Documents are relevant if these ideas are in part contained in the document. During the search formulation, every idea is described by a term class conceptor as a class of words that represent the same idea Bing , et seq. A ranking occurs according to the number of ideas which are contained in the document. As a second criterion for ranking, the number of the words of the term classes which are contained in the document is used. The basis of conceptor based retrieval consists in a good knowledge of the concept structure.
Homonyms are words that match in spelling but have different meanings Burkart , et seq. Polysems are expressions with initially the same importance, however by transfer, analogy, historical or regional development have developed different meanings or are employed as general terms in different contexts. For this problem the Boolean search in inverted files offers no solution since words with the same spelling are taken as homonyms.
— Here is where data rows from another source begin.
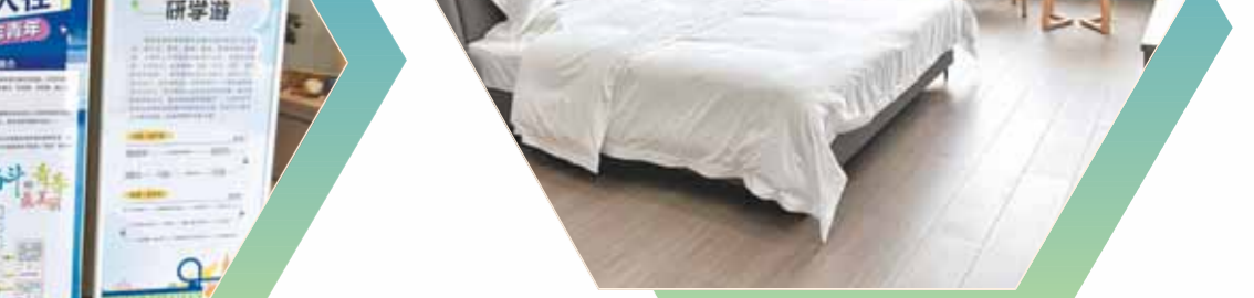
淇滨区人才公寓一角

我市构建了“青年人才驿站”服务体系,吸引更多优秀青年人才来鹤壁创业发展。建成青年人才之家2个,提供政策咨询、就业指导等综合服务;首批“青年人才驿站”选定16家酒店民宿,可提供1800个床位,最长免费住宿7天;招募餐饮、娱乐、健身、旅游等青年人才体验联盟商家68个,提供消费优惠服务。积极创新人才服务阵地,为青年人提供休闲娱乐和社交文化空间,激活超越城市发展的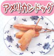
アメリカンドッグ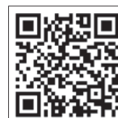
動画はこちらから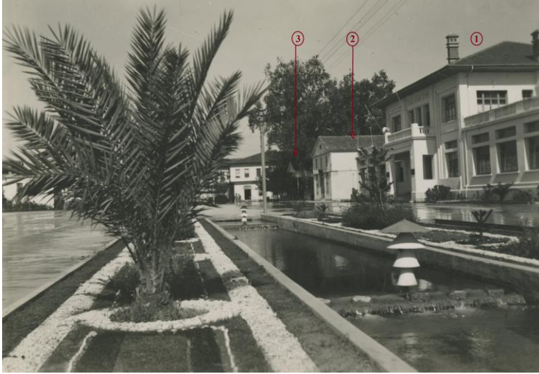
Resim VI-a 1) Antalya Halkevi, 2) Leyla Sineması ve 3) Vatan Kırathanesi.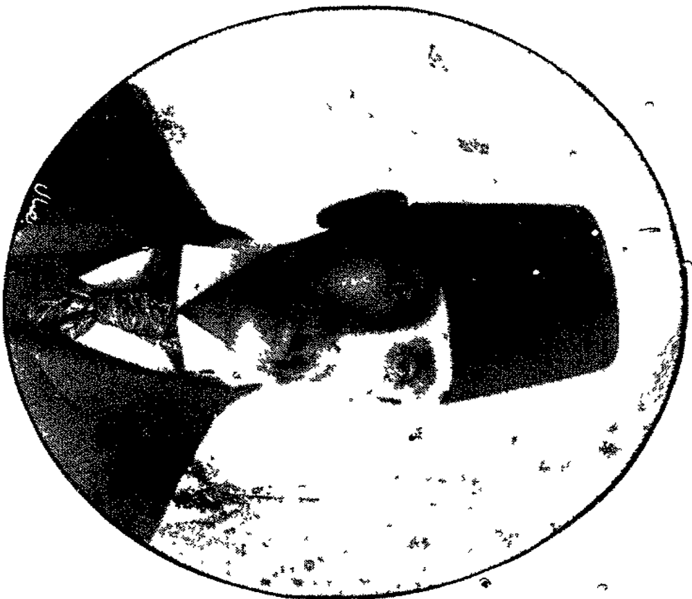
الدكتور امين بك ابو خاطر

In jurisprudence, polysems are very frequent but represented with other characteristics. Many legal terms are employed in a different context than in natural language. The exact importance of a legal term can only be understood in its context.
This phenomenon is considerably more frequent than the similar homonymy and substantially affects the quality of results in legal database queries. Homonymy and polysemy depress precision because such words have more than one meaning. Sense resolution will be an important component in future retrieval systems. The disambiguation techniques are mainly based on the idea that a set of words occurring together in context determine appropriate connotations.
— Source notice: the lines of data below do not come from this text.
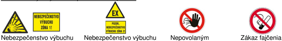
Nebezpečenstvo výbuchu Nebezpečenstvo výbuchu Nepovolaným Zákaz fajčenia

Miesta so zvýšeným nebezpečenstvom výbuchu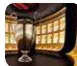
» Casa Milan - Museo Mondo Milan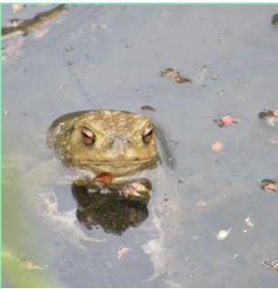
Recherche und Erfassung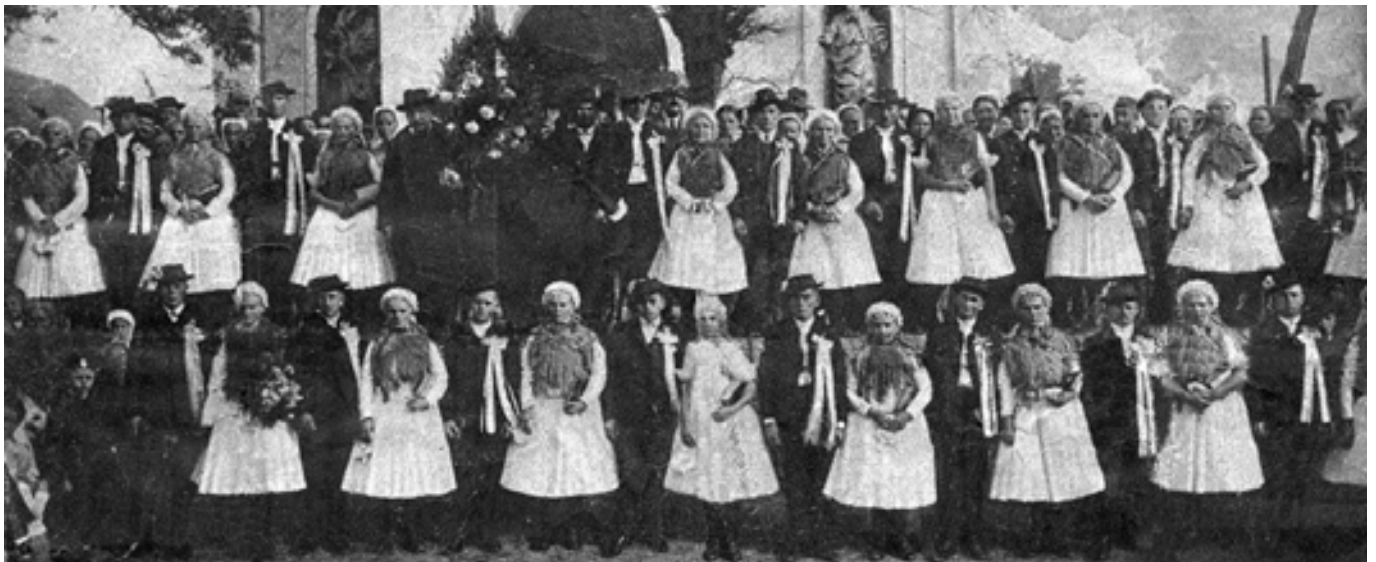
Az 1935. november 11-én Sződön házassult 19 pár adatai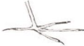
Distribuir el peso sobre la vegetación flotante (en jacanas)

This approach can be used to compute various senses of descriptors see below the KONTERM project or determine appropriate senses for word sets despite each individual word being multiply ambiguous.
So far, the experiments with word sense disambiguation techniques have been disappointing. Voorhees uses the word senses in the lexicon WorldNet for disambiguation. The improvement of the retrieval is modest. The sense disambiguation is very difficult in short query statements. Missing correct matches because of incorrect sense resolution have a deleterious effect on retrieval performance. Sanderson uses pseudo-words for disambiguation. The results on retrieval performance are similar to those of Voorhees.
An implementation can only be recommended if the disambiguator is able to resolve word senses to a high degree of accuracy. The NetSerf application of Chakravarthy, Haase is a programme for searching in information archives on the Internet with semantic knowledge representations and with a disambiguator using the lexicon WorldNet.
Semantic knowledge representations of archives lead to a remarkable increase of performance. The disambiguated version performs slightly worse than the undisambiguated version. The situation is different if the technique of word sense disambiguation is used for automatic indexing.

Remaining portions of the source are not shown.